Anaris stared. “About thirty hours.”

The Panarch let out his breath and spread his hands on his
knees. “Good. You were astonished, you said, at how little there was in the
Palace computers about Gehenna. That is because the key to the Gehenna system
has never been committed to the DataNet—it exists only in hard copy and the
memories of a very few of us.” He motioned to the dirazh’u lying limply in
Anaris’s hands. “It is ironic, the Dol’jharian belief in a destiny determined
by knots, for it is the Knot that guards Gehenna.”

Anaris heard the capitalization of the noun.

“A fracture in fivespace, some
thirty light-minutes in extent, left over from the first few seconds of
Creation and somehow anchored by Gehenna’s sun. I do not understand the physics
of it. I only know the Gehenna system must be approached along the plane of the
ecliptic, and even then, it is extremely dangerous to use the fiveskip. Ships
attempting any other approach are never seen again.”

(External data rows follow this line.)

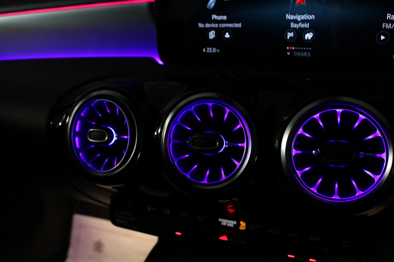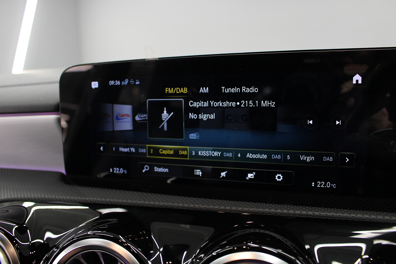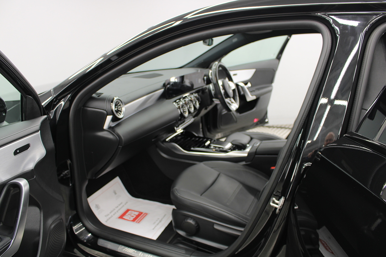 The interior comes trimmed with the beautiful heated AMG sport seats trimmed in black leather with brushed aluminium dash trims, and plenty of tech with a large double display screen with satellite navigation, DAB radio, bluetooth telephone and media, cruise control, rear parking camera and virtual cockpit display.
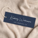 Vêtements et accessoires élégants et chics sur mesure, bijoux, boutique, etc., étiquette suspendue bleue avec une esthétique minimaliste présentant votre nom ou marque dans un script de signature stylé blanc. Ajoutez du texte supplémentaire en dessous et au dos en typographie blanche moderne simple. Veuillez noter que Zazzle ne perce pas le trou et ne fournit pas de ficelle.
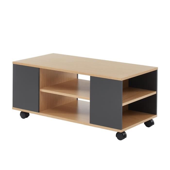 Table Basse Style Scandinave Grise Et Noire Avec Espace De Rangement
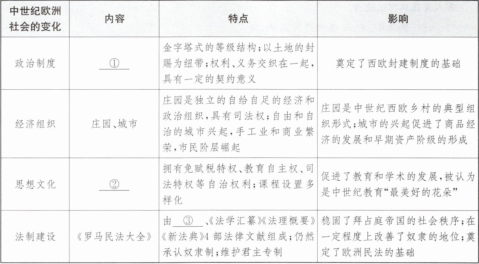 大学兴起(③);《查士丁尼法典》编成(②);基督教产生(①)
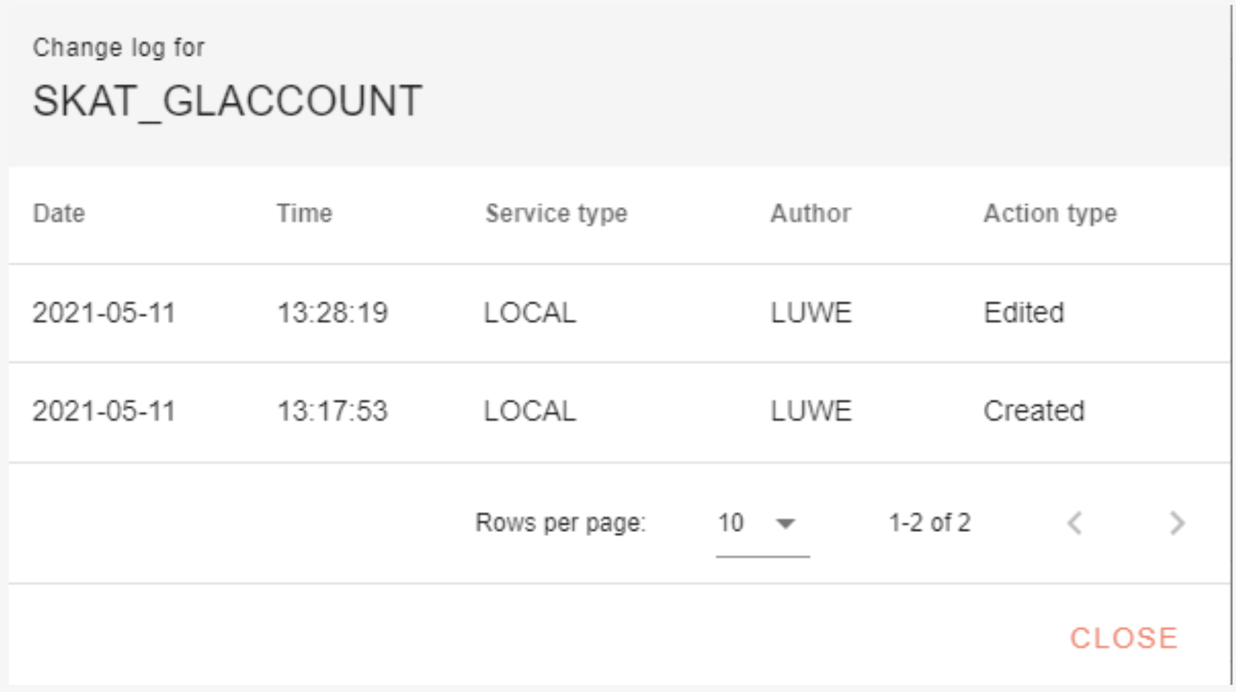 Changelog: Clicking the changelog icon opens a pop-up window with information about the creation and edits made to the Table Service.
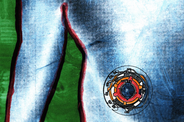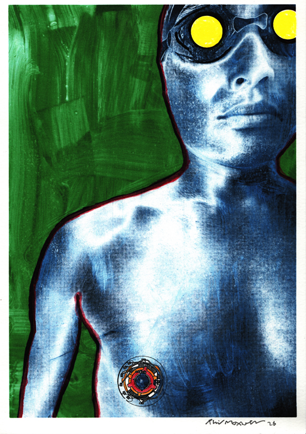 At this threshold, the work shifts. A schematic diagram of a cathode ray tube is drawn around his right nipple, introducing a technological incision into the flesh. The swimmer hovers between organism and apparatus, human and machine. In this fusion, the body becomes a metaphor for the future of the human race, prompting questions of extinction, obsolescence, and transformation: are we approaching our end, or merely being rewritten by artificial intelligence?

The Panarch smiled, and Anaris knew he’d let his
astonishment show.

“There are no guard ships, no
weapons—the orbital monitor is unarmed. The guardian of Gehenna is Totality
itself.”

Instinctively Anaris
turned back to the strategic display, still running the projection of ship
movements throughout the Thousand Suns. Three thoughts rang like tocsins in his
mind.

I was under judgment,
and
Once again, we underestimated
the Panarchists.
It could be a trick, but he knew it wasn’t. Morrighon had told
him how frantically, and futilely, Fasthand had been seeking data on Gehenna. It
all fit together. How dangerously simple, to preserve a secret merely by
leaving it on paper!

And the third
 . . .
He turned back to Gelasaar. “You knew all along that Brandon was going to run.”

“I had my hopes,” Gelasaar said
tranquilly. “That Brandon, denied a place in the system from within, might find
a way to preserve it from without, after I was gone. I saw to it that he had
the means to learn if he so willed. And an avenue of escape. He used both.”

Anaris swiped the console dark with a strike of his hand,
then faced the older man. And even though he knew the answer, he asked the
question, anyway: “Why are you telling me this?” He tabbed the console to
summon Morrighon; he would have to notify Fasthand immediately.